URL Frontier (Queue)

The frontier is not a simple FIFO queue. It is structured as:

Per-domain buckets:
example.com -> [url1, url2, url3] (ordered by priority)
news.site.com -> [url4, url5]
blog.dev -> [url6]

Each domain bucket releases URLs at the configured rate (e.g., 1 per second). The frontier picks the highest-priority URL from whichever domain is next eligible. This structure ensures politeness while maximizing throughput across many domains.

Content in Object Storage

Bucket: crawl-content
Key: pages/{url_hash}/{timestamp}.html.gz
Body: Gzip-compressed raw HTML

We include the timestamp in the key to optionally keep multiple versions for change tracking.

8. Core Flows -- End to End

Flow 1: Crawl a Single Page (the Core Loop)

This is the fundamental operation that runs billions of times. Every other flow builds on this.

  • Step 1 -- URL Frontier releases a URL. The frontier maintains per-domain buckets of URLs to crawl. When domain X's rate limit allows another fetch (e.g., at least 1 second has passed since the last fetch to domain X), the frontier dequeues the highest-priority URL from that domain's bucket: https://example.com/page/42. The frontier hands this URL to an available fetcher worker.

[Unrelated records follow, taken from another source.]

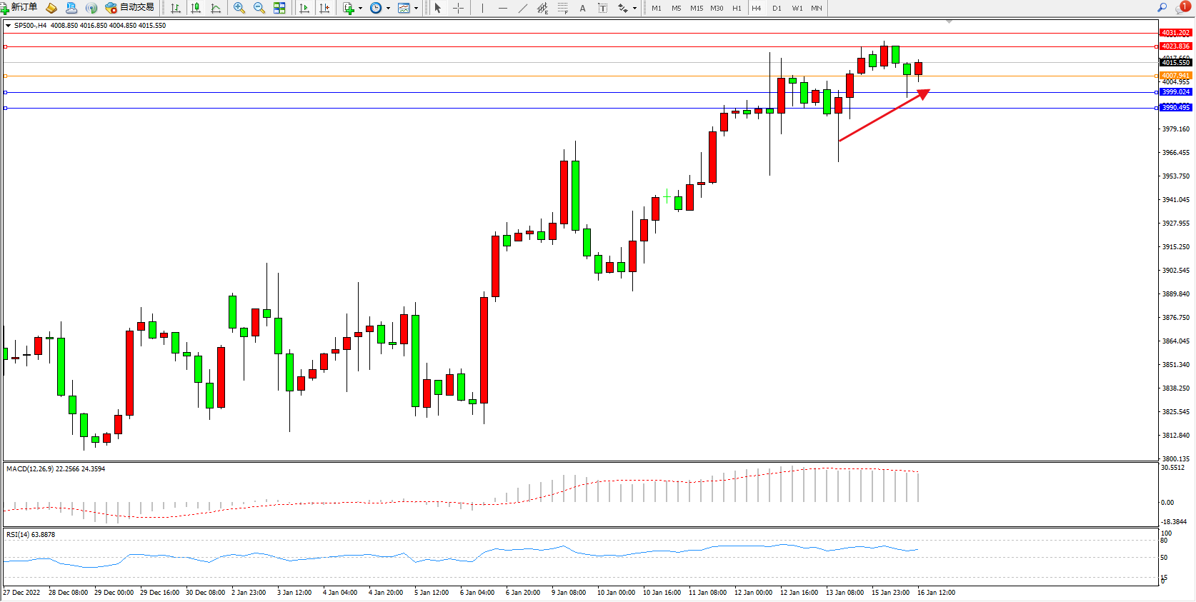 标普SP500——4小时K线图显示: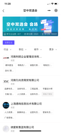 找到4月11日空中双选会点击进入,点击【进入会场】即可看到由就业创业处为我校毕业生精选的用人单位。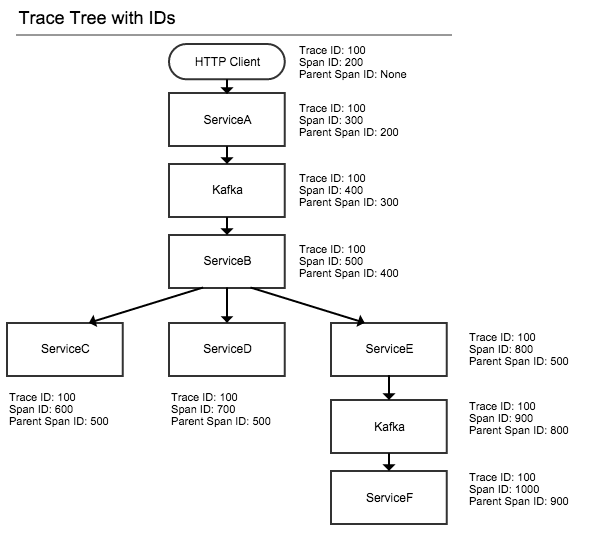 下面的图展示了在一个树结构的调用中,上面三个ID是如何应用的。注意在整个树结构中Trace ID是一致的。

  • Step 2 -- Check robots.txt. Before fetching, the worker checks the robots.txt cache for example.com. If the cache has a fresh copy (less than 24 hours old), it checks whether /page/42 is allowed. If the path is disallowed, the worker discards the URL and moves on. If the cache does not have robots.txt for this domain (first time seeing this domain), the worker fetches https://example.com/robots.txt first, parses it, stores it in the cache, and then checks the path. This adds one extra HTTP request per new domain, but it is cached for all subsequent pages on that domain.

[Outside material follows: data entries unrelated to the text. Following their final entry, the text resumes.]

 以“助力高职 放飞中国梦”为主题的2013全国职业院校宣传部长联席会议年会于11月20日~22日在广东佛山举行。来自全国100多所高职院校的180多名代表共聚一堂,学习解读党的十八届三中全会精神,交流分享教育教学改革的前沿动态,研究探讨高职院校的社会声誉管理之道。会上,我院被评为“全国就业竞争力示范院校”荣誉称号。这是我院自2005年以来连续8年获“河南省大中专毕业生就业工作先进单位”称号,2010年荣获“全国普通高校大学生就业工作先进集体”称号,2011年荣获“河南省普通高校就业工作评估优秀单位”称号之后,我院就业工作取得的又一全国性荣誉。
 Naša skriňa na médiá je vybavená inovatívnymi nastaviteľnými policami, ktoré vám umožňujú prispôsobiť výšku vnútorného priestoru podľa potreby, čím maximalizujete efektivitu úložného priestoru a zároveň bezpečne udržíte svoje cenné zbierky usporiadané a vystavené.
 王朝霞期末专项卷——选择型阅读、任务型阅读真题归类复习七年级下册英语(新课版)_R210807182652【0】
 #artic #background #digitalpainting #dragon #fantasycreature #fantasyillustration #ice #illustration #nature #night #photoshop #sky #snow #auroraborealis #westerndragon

  • Step 3 -- Fetch the page via HTTP. The worker sends an HTTP GET request to https://example.com/page/42 with a polite User-Agent header (e.g., MyCrawler/1.0; +https://mycrawler.com/about). The worker sets a timeout of 10 seconds. Several outcomes are possible:

    • 200 OK with HTML body: The normal case. Proceed to Step 4.
    • 301/302 Redirect: The worker follows up to 5 redirects. The final URL is the one we store.
    • 404 Not Found: The worker records this in the metadata DB (so we do not re-crawl a dead page) and moves on.
    • 429 Too Many Requests or 5xx Server Error: The worker backs off. The URL is re-enqueued with a delay (e.g., retry in 10 minutes). After 3 retries, it is marked as failed.
    • Timeout (10 seconds): Treated like a server error -- retry with backoff.
  • Step 4 -- Compute content hash and check for changes. The worker computes a hash (e.g., SHA-256) of the downloaded HTML. It then checks the metadata DB: has this URL been crawled before? If yes, is the new content hash the same as the stored one?

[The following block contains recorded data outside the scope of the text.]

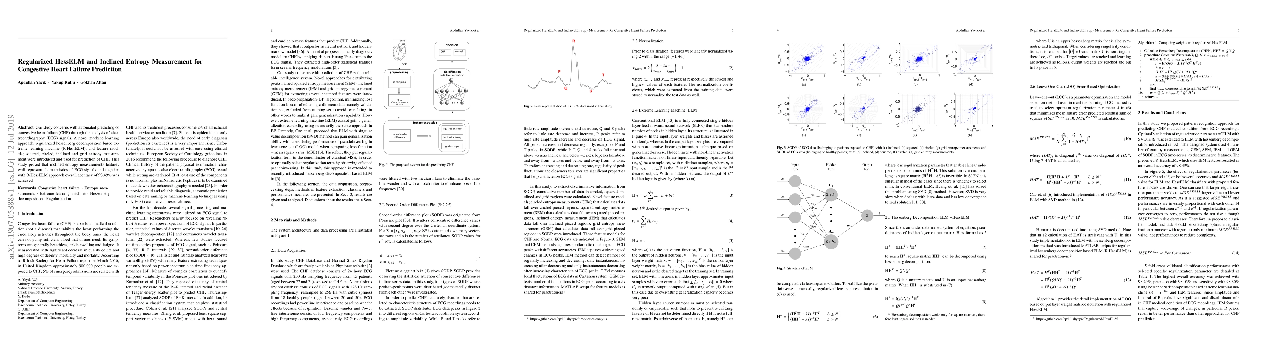 This study introduces a novel machine learning method, R-HessELM, combined with inclined entropy measurements for predicting congestive heart failure from ECG signals, achieving an overall accuracy of 98.49%. Inclined entropy is shown to effectively represent ECG signal characteristics.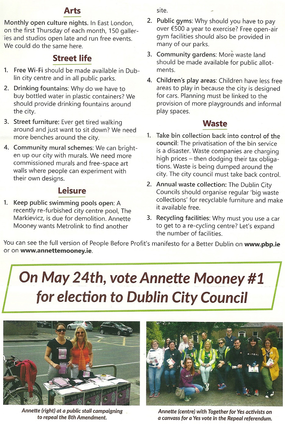 Leaflet from Annette Mooney – People Before Profit – South East Inner City #LE19 » AnnetteMooneyLE19b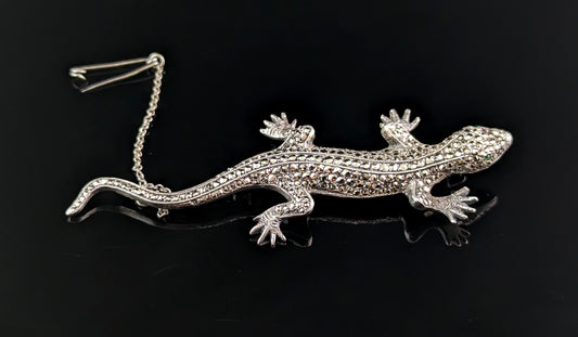 Vintage Art Deco Marcasite lizard brooch, 800 silver

    • Content unchanged: Update fetched_at and next_fetch_at in the metadata DB. Do NOT store the HTML again (saves storage). Move on.
    • Content changed (or first crawl): Proceed to Step 5.
  • Step 5 -- Store the HTML content. The worker compresses the HTML with gzip and uploads it to S3 at pages/{url_hash}/{timestamp}.html.gz. For a typical 100 KB page, compressed to ~30 KB, this upload takes about 20-50 ms to S3 within the same region.

  • Step 6 -- Update the metadata DB. The worker writes (or updates) a record in the URL metadata store: url_hash, url, content_hash, content_path (S3 key), http_status, fetched_at, and a computed next_fetch_at (based on how frequently this page changes -- pages that change often are re-crawled sooner).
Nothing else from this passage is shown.